Menu beragam. Soto betawi, kupat tahu, soto ayam, lontong sayur, kolak, es buah. Itulah yang tersedia di Istana Negara, Kamis (4/10) petang, saat Presiden SBY dan Ibu Ani mengundang pimpinan Lembaga Negara, para menteri, Wantimpres, pimpinan TNI dan Polri, Dubes negara-negara Islam, beserta para pemimpin redaksi baik media cetak, maupun media eletronika dari seluruh Indonesia, untuk berbuka puasa bersama. Sejumlah wartawan juga hadir, menambah kemeriahan suasana buka bersama yang dilanjutkan dengan shalat Maghrib berjamaah.

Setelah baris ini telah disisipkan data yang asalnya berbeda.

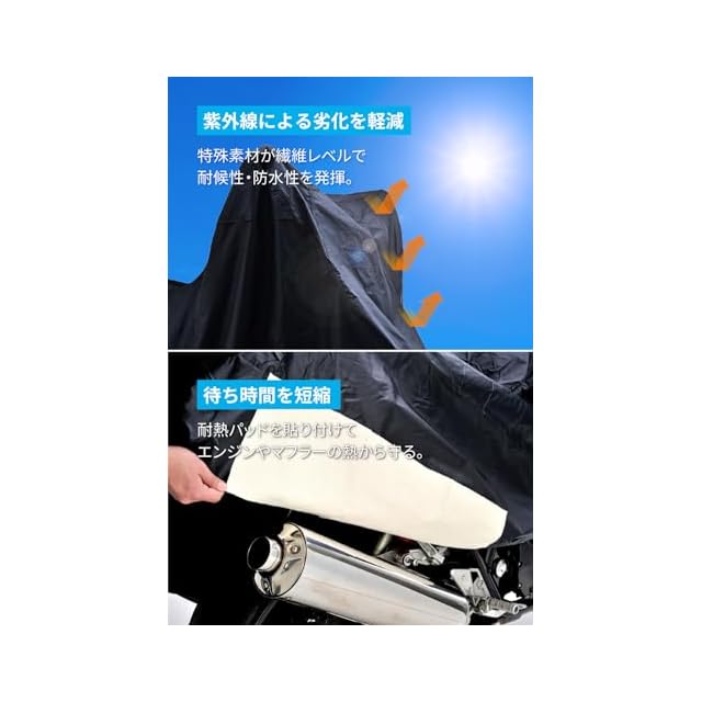 【仕様3】エキゾースト接触部には付属の耐熱パッドをバイクカバー内に張り付けて対応

Bagi wartawan, menu paling ditunggu, selain makanan untuk berbuka puasa, tentu adalah tanggapan SBY mengenai ramainya pemberitaan di hampir semua media nasional yang mengangkat isu pencalonan presiden. Dan yang ditunggu wartawan itu akhirnya datang juga, ketika usai berbuka puasa bersama, didampingi Jubir Presiden, Andi Mallarangeng, SBY memberi tanggapan.

“Tanggapan saya terhadap mulai munculnya, katakanlah, calon-calon presiden untuk tahun 2009 yang saya ikuti dimulai dari pernyataan Ibu Megawati sampai yang terakhir Pak Sutiyoso itu, bagi saya positif, bagus. Karena itulah demokrasi yang makin mekar. Kalau kita berpikir positif, makin banyak calon, maka makin banyak pilihan rakyat. Pada saatnya nanti rakyat tentu akan memilih yang menurut mereka tepat untuk memimpin negeri kita tahun 2009 mendatang. Jadi itulah tanggapan pertama saya terhadap mulai munculnya calon-calon Presiden untuk tahun 2009,” kata Presiden. Usai mewancarai Presiden, para wartawanpun segera berhamburan untuk secepatnya mengirimkan laporannya tentang menu istimewa ini. (nnf)


Keterangan foto: Presiden SBY memberi penjelasan kepada wartawan mengenai Pilpres usai berbuka puasa di Istana Negara, Kamis (4/10) petang. (foto: haryanto/presidensby.info)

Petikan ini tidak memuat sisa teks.